The March 15, 2007, attack on Michael Smith made the news at the time, though Smith’s lawsuit adds details that were not provided to the media. In his complaint, Smith writes that the attack occurred in the prison transport van, as he and four other inmates were being taken back to BCDC after their court appearances. Smith, who was 22 years old at the time, had just received a 20-year prison sentence, all but eight years suspended, as a plea deal for a variety of violent, drug-related conduct.
Smith writes that, while in the transport van, he “noticed Ofc. Crew speaking ‘confidentially’ with inmate Brian Medlin” and “witnessed Ofc. Crew ‘slip’ something to inmate Medlin.” Soon thereafter, “Medlin escaped his 3-point security restraint devices (i.e., handcuffs, waist-chain w[ith] padlock, and ankle-chain cuffs) and began to viciously beat me repeatedly about the head, neck and shoulder area, while stabbing me with a home-made knife.”
Court records confirm that the incident led to Medlin’s conviction, as Smith contends in his complaint. Medlin received a 30-year sentence for attempted second-degree murder.
After the attack, Smith writes, he asked prison officials to have him hospitalized, but instead he was “capriciously placed in isolation without medical treatment of any kind,” even though he was “severely injured and in real pain,” suffering from “an assortment of contusions, head trauma, deep lacerations, and stab wounds.” While in the isolation cell, Smith continues, he “actually lost consciousness,” which “was not discovered until some time later,” at which point he was “immediately rushed” to the emergency room at Johns Hopkins Hospital.
Brenda Smith says prison officials never contacted her about the attack. “They left Michael in that cell,” she says, “and they did not call me.”
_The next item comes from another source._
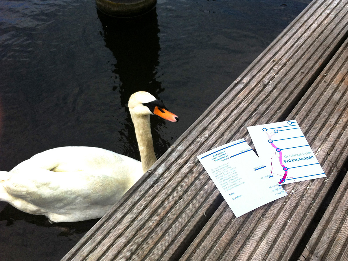 As a result, a postcard can help to control the water quality. Even if most of the nickel has been flushed away to the Baltic sea and the oceans, it is a valuation for the close relation which connects the people with their river Kokemäenjoki. The postcard is meant to be distributed in Pori. It is printed on both sides, the front displaying a map of the Kokemäenjoki in the part where it passes Pori in different shades of pink, the rear side explaining the various shades of pink from the front with the amount of nickel in the water.

After returning from the hospital, Smith was transferred to the Maryland Reception, Diagnostic, and Classification Center (MRDCC), also in Baltimore, where he writes that he “immediately made ‘any and all staff’ aware of the nature of my circumstances, specifically the threat to my safety and ‘hit’ on my life,” and asked “to be placed on protective custody.” Instead, he was kept in administrative segregation—a less safeguarded status.
On April 4, 2007, Smith was transferred to the Maryland Correctional Institution in Hagerstown, where he writes that he was “viciously attacked in the dormitory area by a ‘group’ of unknown individuals” within 24 hours of his arrival. He was again taken to a hospital for treatment, and again, upon his return to the prison, was placed on administrative segregation until June 1, 2007, when he was transferred to Brockbridge Correctional Facility in Jessup. There, Smith writes that he was stabbed in his “right eye and head several times, as well as hit in the head with locks,” within a day of his arrival, and was “immediately transferred to the Jessup Correctional Institution’s hospital,” where he stayed for a week.
Ultimately, Smith—who claims, with documentation, to have filed and appealed inmate grievances at every step of the way, only to have them rejected—ended up in protective custody at Western Correctional Institution in Cumberland.